Try this excellent curry – you won’t be sorry!

Fry one onion, chopped, in 2 Tablespoons of oil until browned.  Add 2 lamb shanks and brown them as well. De-glaze the pan with 1 cup of New England Hard Cider.

In to a pressure cooker, put:

1 can of coconut milk

2 Tablespoons of gluten free thai red curry paste

1 stalk of lemon grass, the white part at the root end only, chopped

2 Tablespoons of fresh ginger, chopped

Add the lamb shank mixture to the coconut milk mixture. Close the pressure cooker and bring up the pressure.  Pressure cook for 10 minutes, then let the pressure drop on its own.  Lamb shanks take a long time to cook. This pressure-cooking step will give the lamb a head start, ensuring that eventually the lamb gets nice and tender.

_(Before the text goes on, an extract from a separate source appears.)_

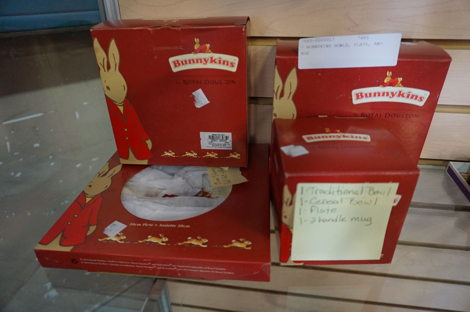 2 BUNNYKINS BOWLS, PLATE, AND MUG

Carefully transfer the hot lamb shanks in their curry sauce in to a casserole that has a lid.  To this mixture, add

1 Cornish Game Hen

1 mango, peeled seeded and cut in to chunks (an under-ripe mango is perfect for this purpose.)

Braise the dish, covered, in a 350 degree oven for 2 hours, until the lamb is tender.  Skim off any fat that has accumulated.  Season with salt if needed.

Serve with Jasmine rice topped with plenty of fresh chopped cilantro, and fresh ground sea salt.

Note: If you don’t have a pressure cooker, you can cook everything except the game hen and mango for 1-1 1/2 hours and then add the game hen and mango and bake for an additional hour and a half.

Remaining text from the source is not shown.